### Listed records
- Opening Delimiter -
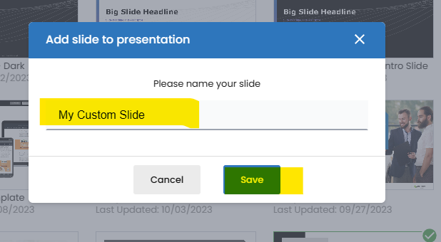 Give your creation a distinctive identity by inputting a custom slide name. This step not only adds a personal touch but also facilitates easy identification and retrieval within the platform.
- Closing Delimiter -
- Opening Delimiter -
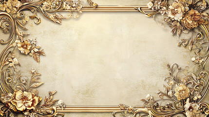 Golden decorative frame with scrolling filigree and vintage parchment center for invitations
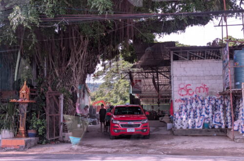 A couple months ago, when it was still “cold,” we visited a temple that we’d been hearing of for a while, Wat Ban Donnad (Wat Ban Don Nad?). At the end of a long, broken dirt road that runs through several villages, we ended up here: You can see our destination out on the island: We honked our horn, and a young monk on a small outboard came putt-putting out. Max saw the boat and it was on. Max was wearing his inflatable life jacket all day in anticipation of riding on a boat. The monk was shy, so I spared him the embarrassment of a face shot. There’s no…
- Closing Delimiter -
- Opening Delimiter -
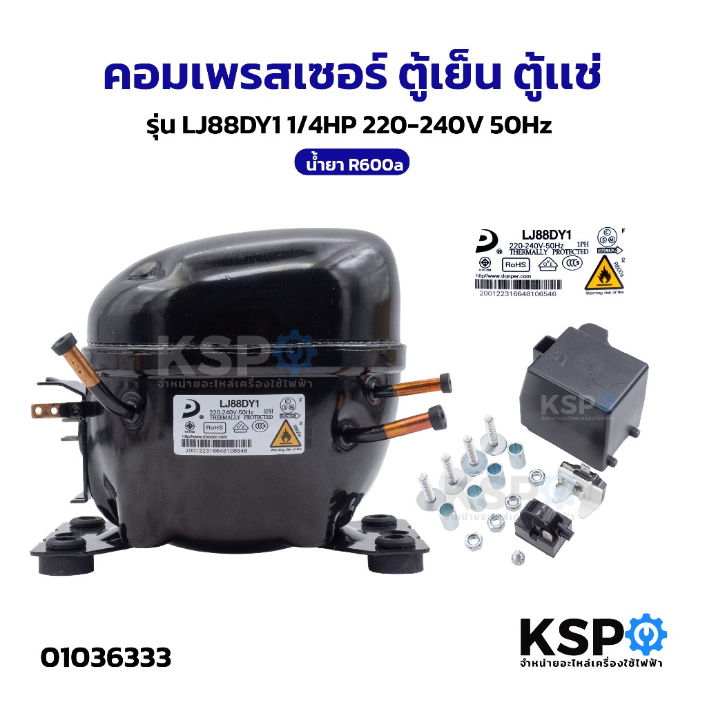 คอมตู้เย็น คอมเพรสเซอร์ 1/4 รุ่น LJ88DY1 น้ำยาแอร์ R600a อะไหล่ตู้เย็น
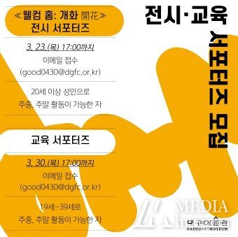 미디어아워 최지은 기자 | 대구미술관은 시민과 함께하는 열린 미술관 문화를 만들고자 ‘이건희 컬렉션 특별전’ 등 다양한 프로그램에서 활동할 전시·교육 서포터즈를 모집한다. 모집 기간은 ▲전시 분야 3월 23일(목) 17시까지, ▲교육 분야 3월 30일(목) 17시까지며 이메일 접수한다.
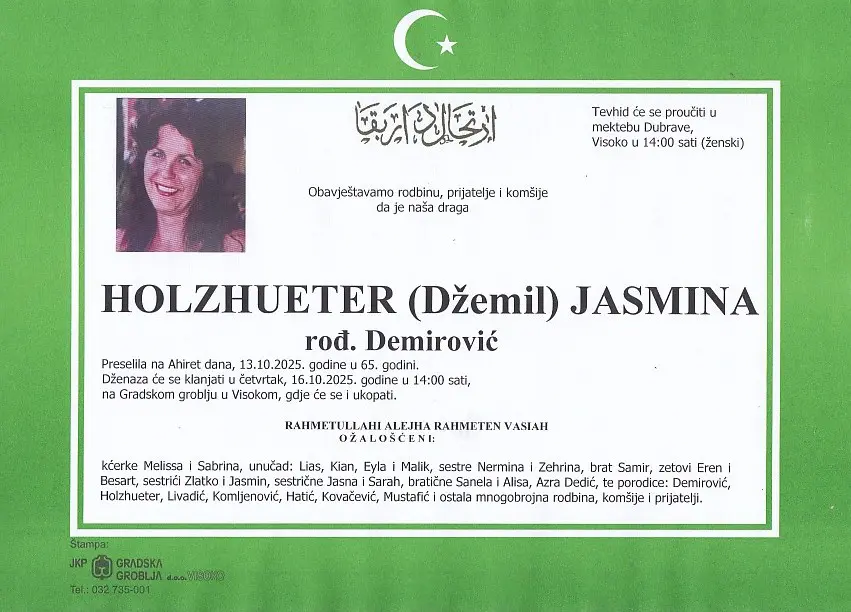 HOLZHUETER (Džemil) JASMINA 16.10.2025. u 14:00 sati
- Closing Delimiter -
Return the material from the line containing "Golden decorative frame" through the line containing "A couple months", exactly and in full, but without its pictures.

### Result of the exercise
 Golden decorative frame with scrolling filigree and vintage parchment center for invitations
 A couple months ago, when it was still “cold,” we visited a temple that we’d been hearing of for a while, Wat Ban Donnad (Wat Ban Don Nad?). At the end of a long, broken dirt road that runs through several villages, we ended up here: You can see our destination out on the island: We honked our horn, and a young monk on a small outboard came putt-putting out. Max saw the boat and it was on. Max was wearing his inflatable life jacket all day in anticipation of riding on a boat. The monk was shy, so I spared him the embarrassment of a face shot. There’s no…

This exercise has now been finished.